Mer Noire et espèces marines

La mer Noire, souvent négligée par la communauté scientifique en raison de son instabilité géopolitique, subit aussi les conséquences de la guerre. Linas Svolkinas, chercheur à l’Observatoire des conflits et de l’environnement (CEOBS), explique que les recensements des populations de dauphins et de marsouins sont désormais impossibles. Les scientifiques se limitent à compter les animaux échoués, dont le nombre a augmenté depuis le début du conflit. Cette situation reflète l’impact global de la guerre sur les écosystèmes marins, où les perturbations humaines et les pollutions aggravent la disparition des espèces déjà fragilisées.
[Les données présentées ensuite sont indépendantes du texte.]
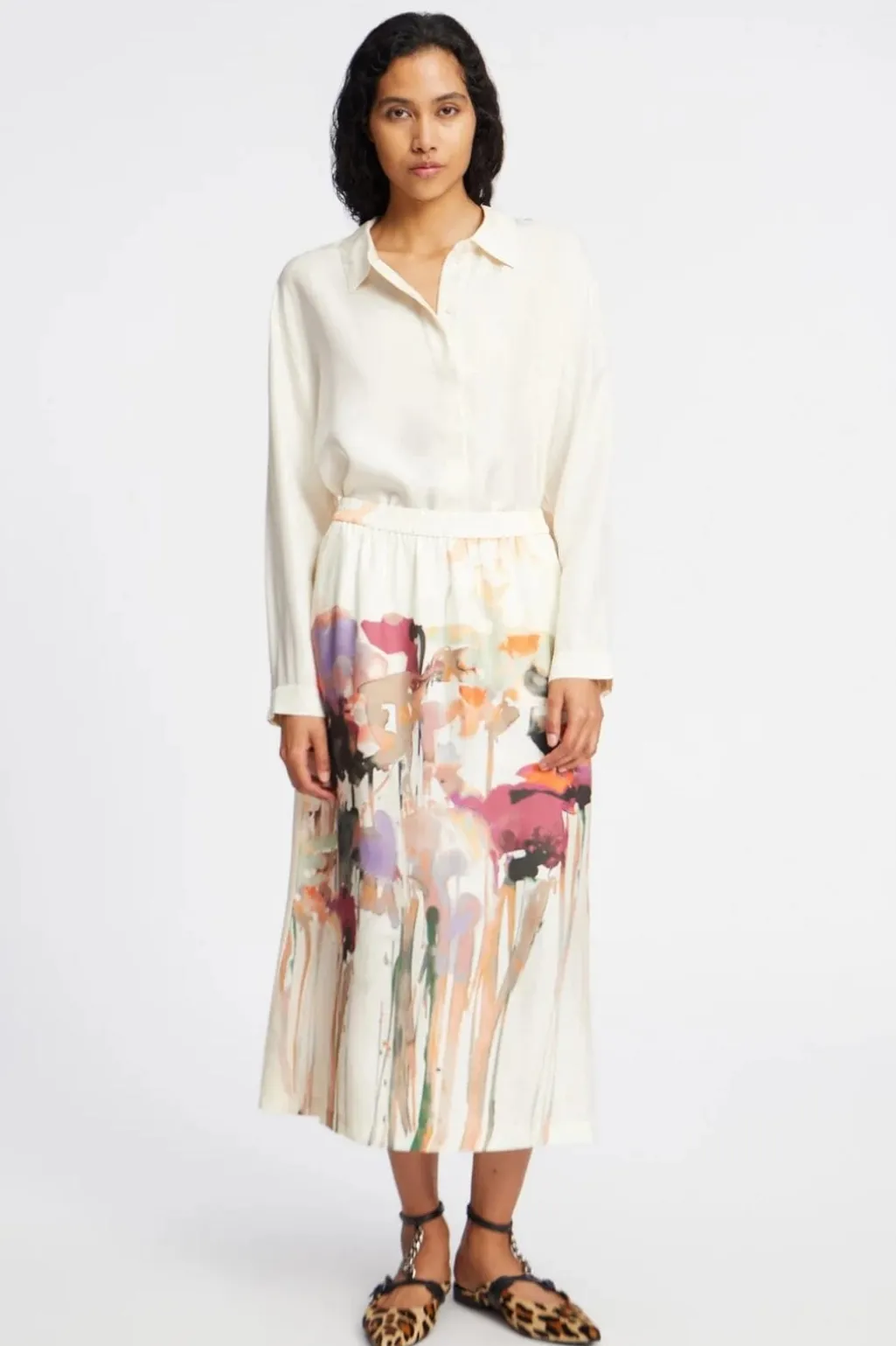 Sandfarvet nederdel fra Munthe med et kunstnerisk blomsterprint i pink, orange og lilla nuancer. Den har en elastisk talje og går til midt på læggen.
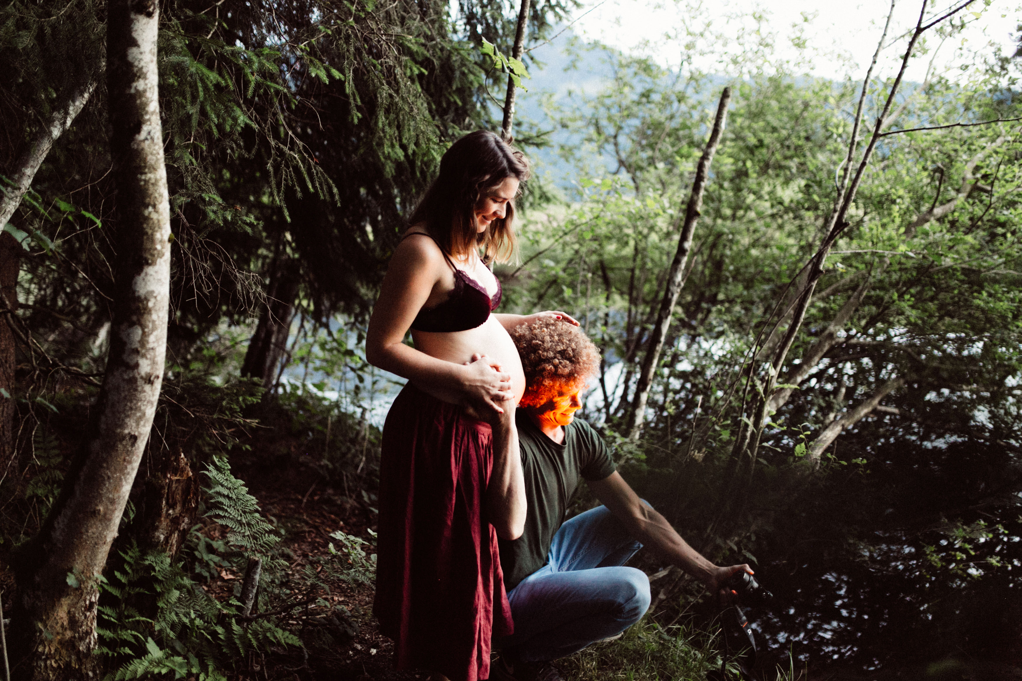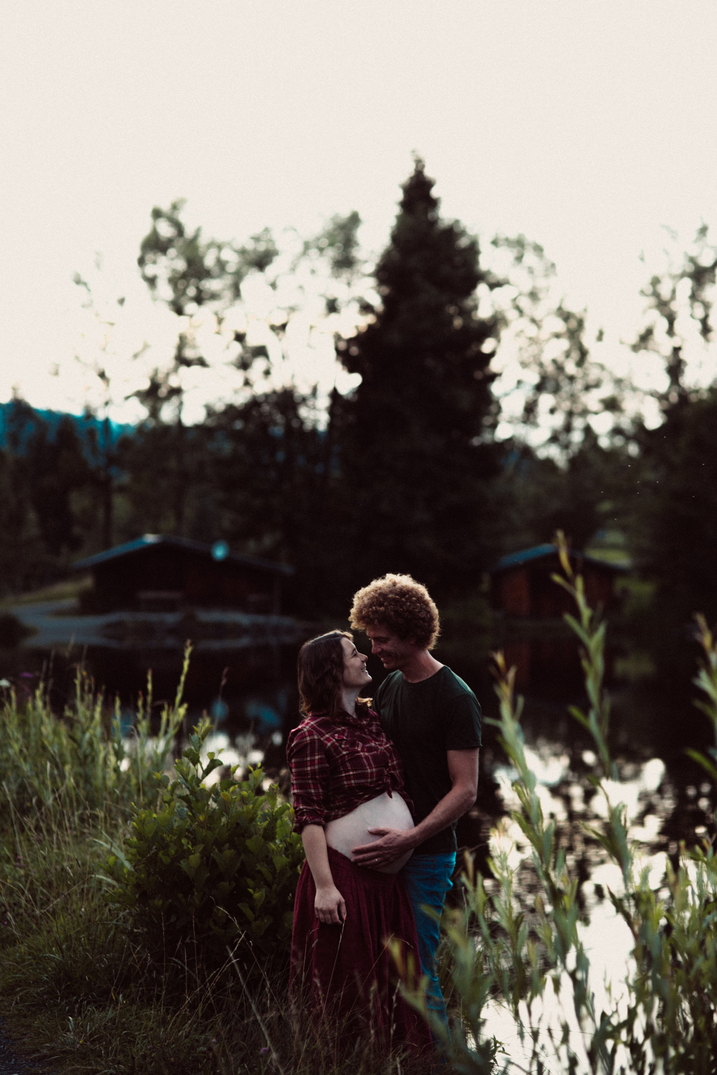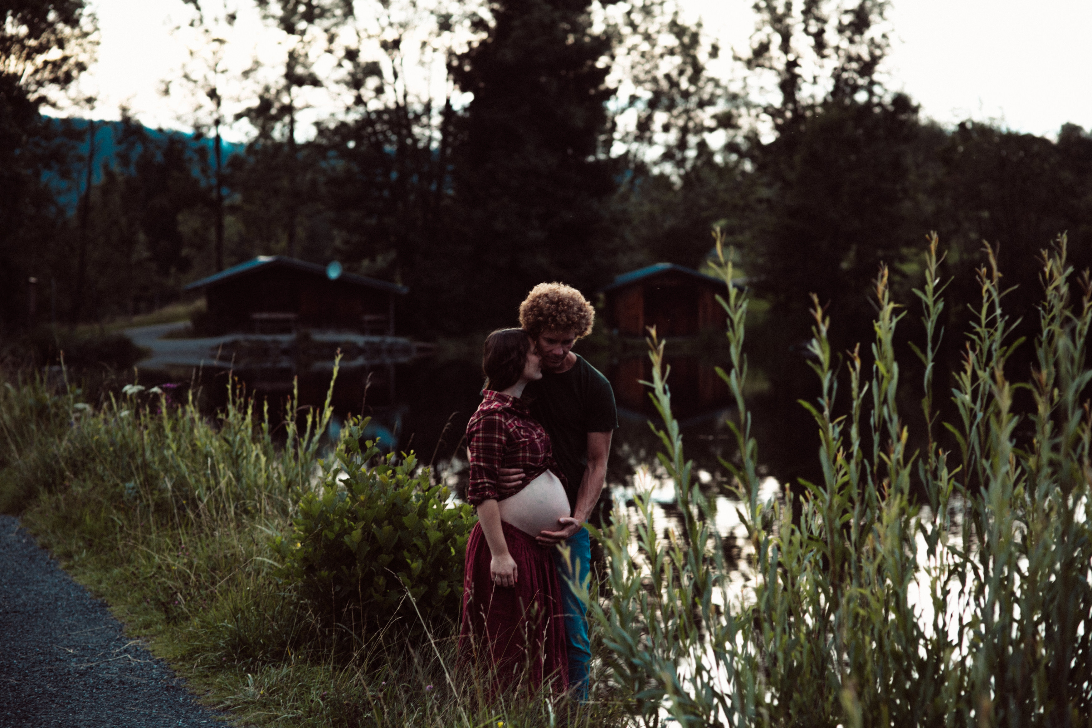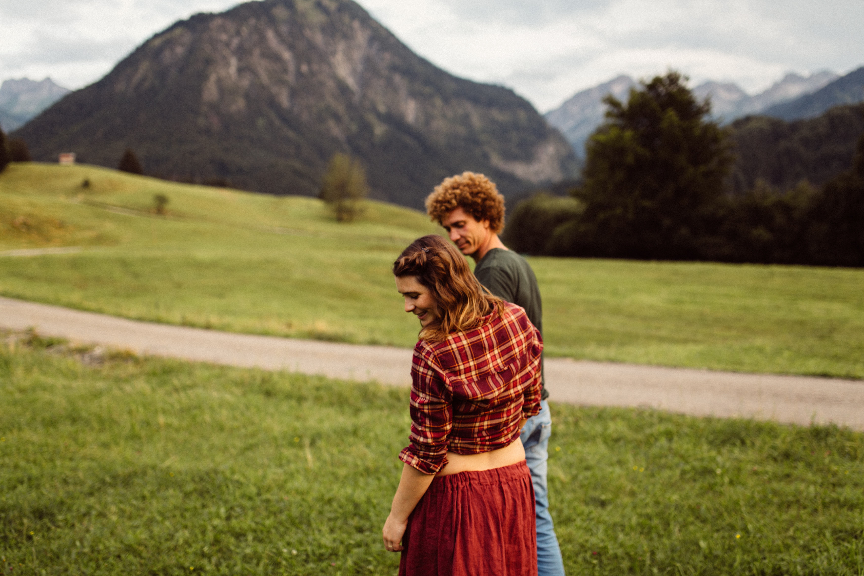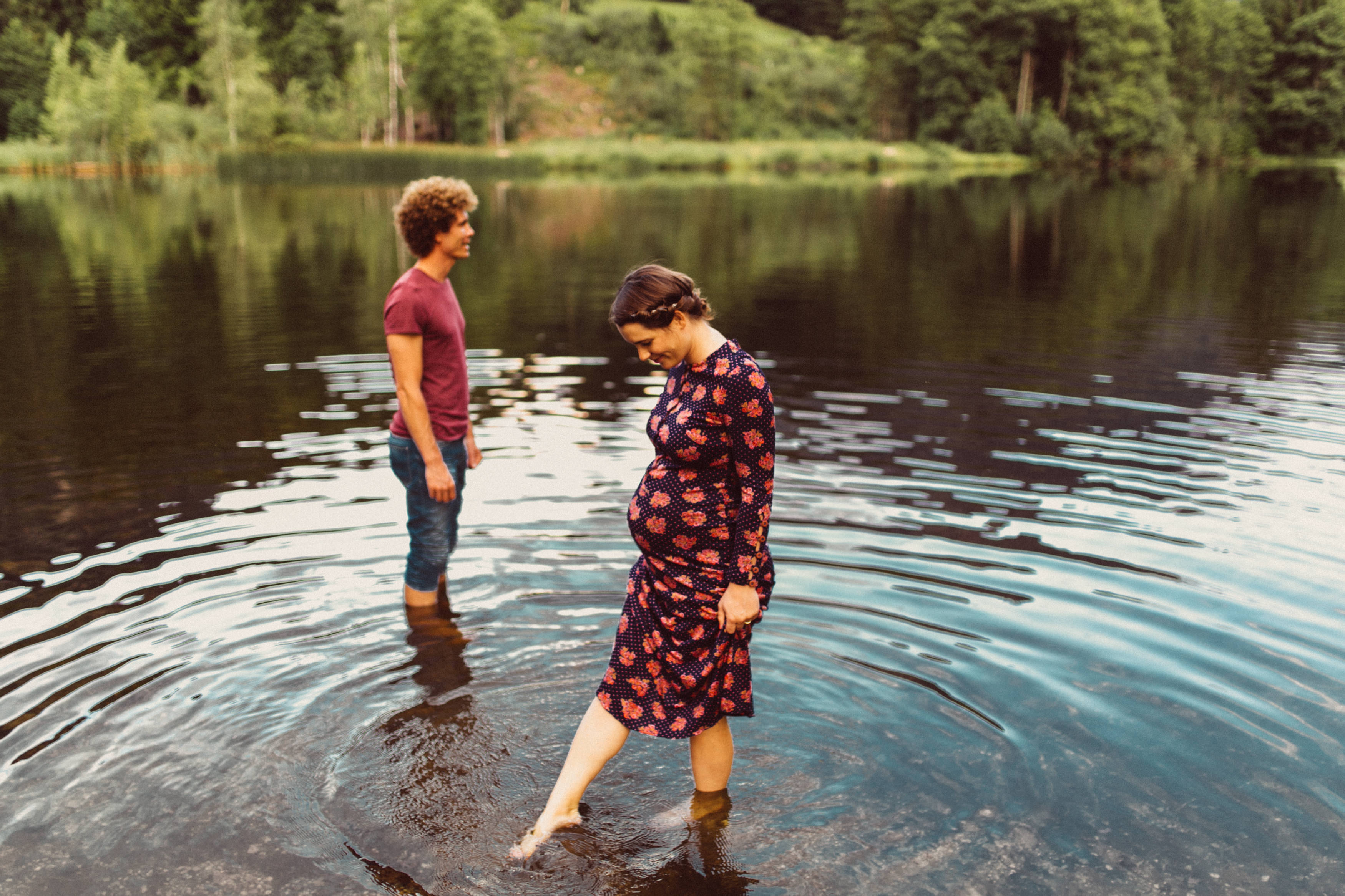 Die beiden kamen zu mir nach Oberstdorf, wir tranken einen Tee und fuhren los. Nach einem kleinen Fußmarsch erreichten wir den still gelegenen Weiher inmitten meiner neuer Heimat. Während die Sonne langsam unterging und kein Mensch weit und breit diesen Platz besuchte, verbrachten wir fast zwei gemütliche Stunden dort oben zusammen. Sophias Babybäuchlein wurde mit den drei genialen Outfits super in den Mittelpunkt gestellt. Einmal das blaue Vintage Kleid ihrer Oma, einmal das Bauchfreie, karierte Hemd mit roten Rock.Und am Ende noch das schöne, schwarz – lila Spitzentop dazu. Ich liebe, liebe, liebe deren Style. So einfach und erdig und doch mit dem gewissen Etwas. So einzigartig diese Stimmung. So wunderschön die drei ♡♡♡
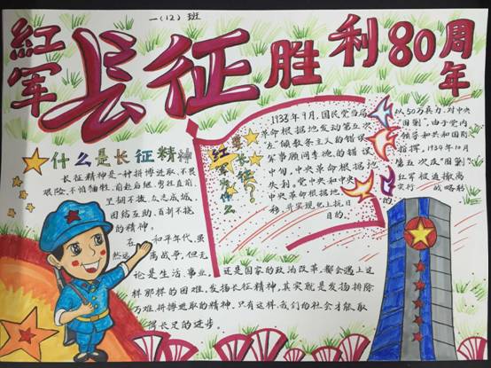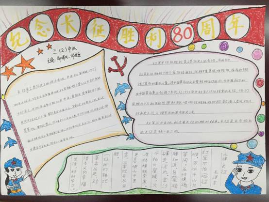 每一张精美的手抄报融汇了孩子们对长征的认识、对长征精神的理解,学长征精神做红色传人,塑造面对困难乐观自信、吃苦耐劳、自强不息的健康心理,同时教育队员铭记历史,珍惜今天来之不易的幸福生活。
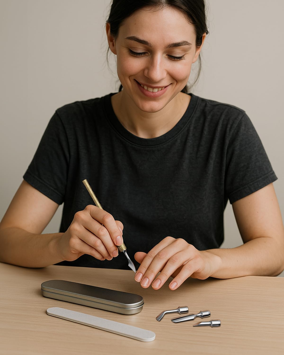 • ✅ SURGICAL-GRADE STAINLESS STEEL– Each head (Curved, Smooth, Chisel, Horseshoe) is forged in anti-rust stainless steel. Blades stay sharp for precise dead skin removal, cuticle lifting, and nail groove cleaning.
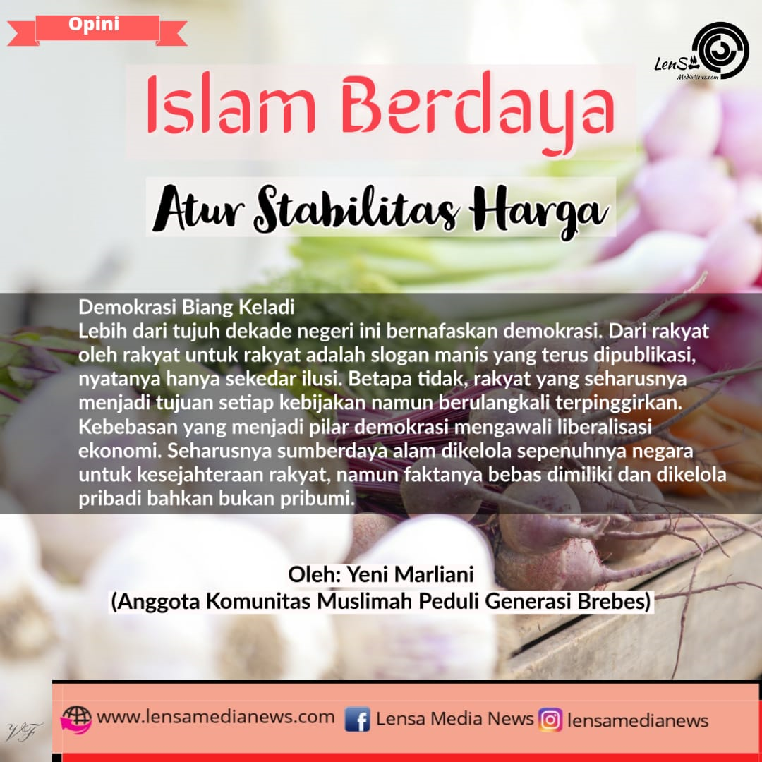 Dalam hal ini, jika sesuai sistem Islam maka pemerintah sebagai pengelola yang mewakili rakyat mengatur pemanfaatannya. Sehingga seluruh rakyat dapat mengakses dan mendapatkan manfaat secara adil. Segala potensi pemenuhan bahan pokok dikelola pemerintah secara optimal dari hulu hingga hilir. Strategi pemetaan produksi hingga tingkat konsumsi ditangani pemerintah secara tepat. Dengan demikian, Islam menjadikan pemerintah berdaya dalam menjamin kebutuhan bahan pokok dan stabilitas harga.
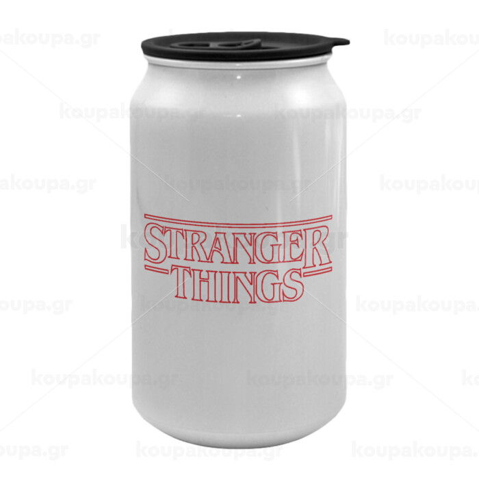 Stranger Things Logo, Κούπα ταξιδιού μεταλλική με καπάκι (tin-can) 500ml
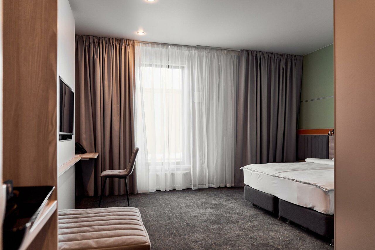 Прекрасный современный отель, тихо, чисто, в номере все необходимое, белье чистое, полотенца белые, удобные матрасы, шампунь, гель для душа, мыло, фен. Кондиционер и бризер. Очень тепло в номере и без посторонних запахов. Вода по бутылке на человека. Парковка бесплатно. Завтрак отдельно 650р/чел. Очень понравилось, будем тут останавливаться
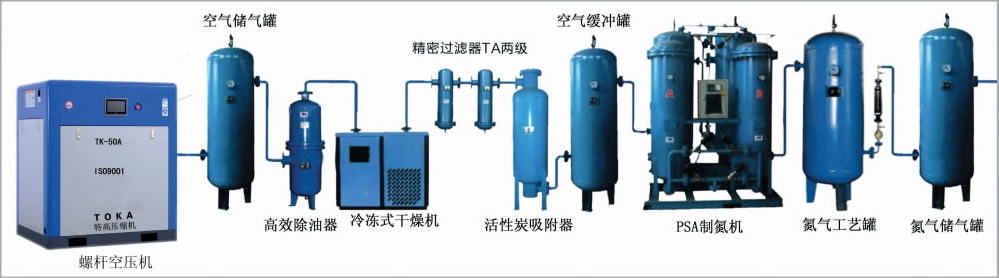 HTN系列變壓吸附制氮設備,采用優(yōu)質(zhì)分子篩為吸附劑,利用變壓吸附原理,直接從壓縮空氣中獲得氮氣。
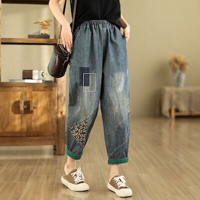 デニムパンツ レディース ジーパン サルエル ワイドパンツ サルエルパンツ ジーンズ デニム パンツ アンクル丈 カジュアル パンツ ボトムス ゆったり ウエストゴム 楽チン 刺繍 楽チン おしゃれ
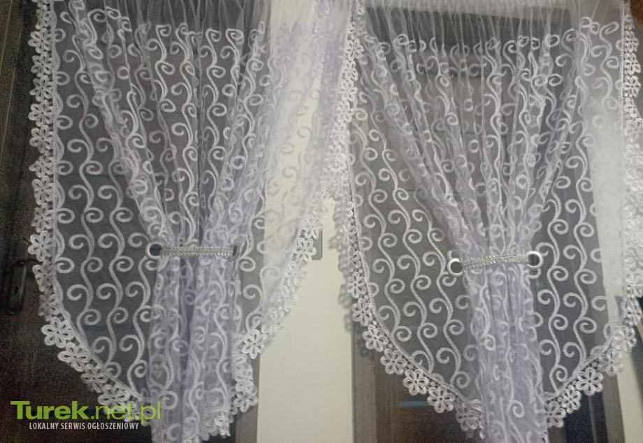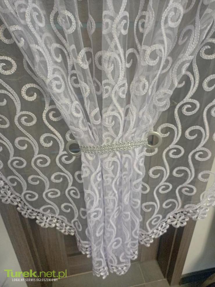 Sprzedam firankę szerokość 300cm, długość 155cm, obszyta gipiurą, na firance widoczny jest brokat, zero dziur i plam. Do obejrzenia okolice Władysławów.
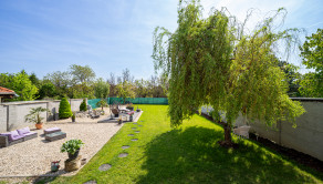 -krytá terasa spojená s veľkou slnečnou záhradou, slúžiacou majiteľom na relax, vkusne upravená okrasnými drevinami s dôrazom na nenáročnú údržbu
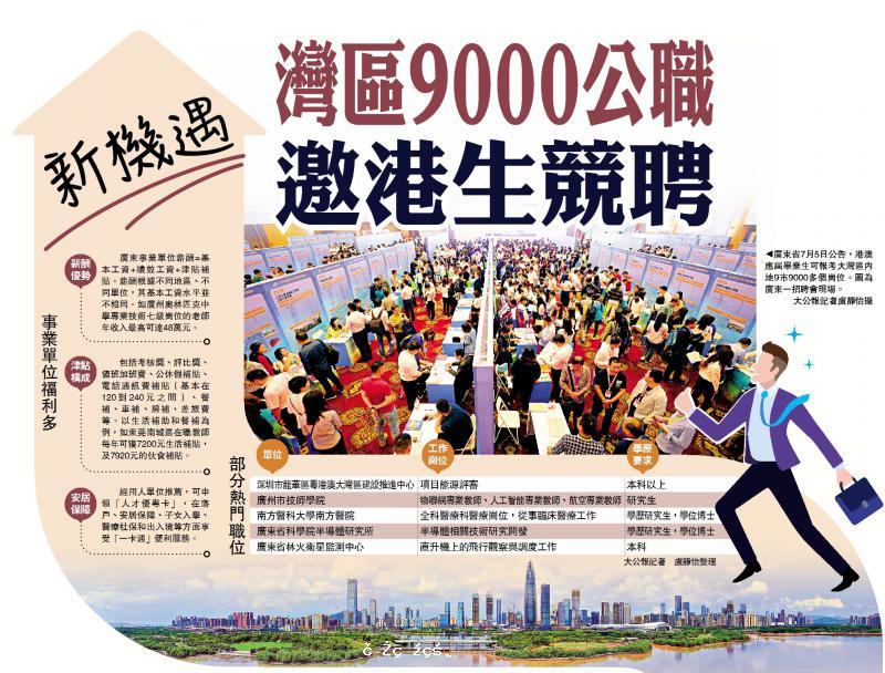 廣闊天地/灣區9000公職 邀港生競聘粵港澳大灣區事業單位公開招聘港澳畢業生。近日,廣東省委組織部、廣東省人力資源和社會保障廳聯合發布公告稱,將提供2萬餘個事業單位編制崗位,公開招聘高校畢業生。其中,港澳畢業生可報考廣州、深圳等珠三角9市及省直駐上述各地事業單...[详细] 2021-07-08 14:42 分类:即 時
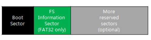 - 예약된 영역은 다시 부트 섹터, FSINFO 섹터, 추가적인 섹터로 구분됨
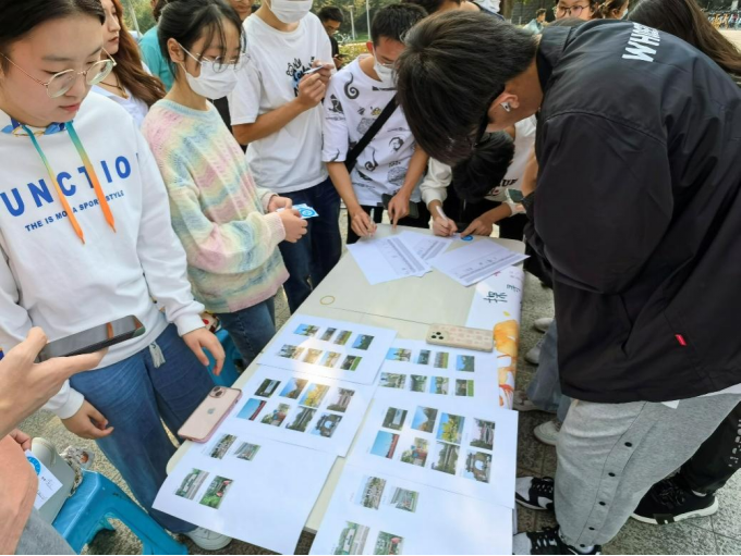 活动伊始,志愿者同学热情地为参与活动的同学们讲解活动流程:首先,让参与的同学们签到并领取交大标志卡片;其次,签到后动身游历校园,记录交大校园里的二十个景观点;最后,将拍摄到的交大美丽景观上传至活动群由志愿者筛选并评奖。
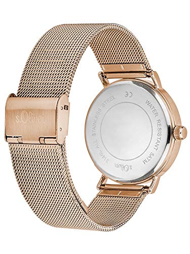 Edelstahlgehäuse IP Roségold, poliert. Milanaiseband aus Edelstahl IP Roségold. kratzunempfindliches Mineralglas. Gehäusegröße: 38 mm, Bandbreite: 20 mm, Wasserdichtigkeit bis 5 ATM. Verpackt in der original s. Oliver Geschenkverpackung

Ce que ça pourrait changer

Oleksiy Vasyliuk insiste sur la nécessité de préparer dès maintenant la restauration des écosystèmes ukrainiens après la guerre. Il met en garde contre une reconstruction menée à l’aveugle, sans tenir compte des espèces endémiques et des changements climatiques. L’Ukraine devra adapter ses stratégies de reforestation et de protection de la biodiversité aux nouvelles conditions environnementales. Le biologiste appelle la classe politique à intégrer ces enjeux dans les plans de reconstruction, afin d’éviter une perte irréversible de la faune et de la flore locales. Cette approche nécessite une collaboration entre scientifiques, décideurs et organisations environnementales.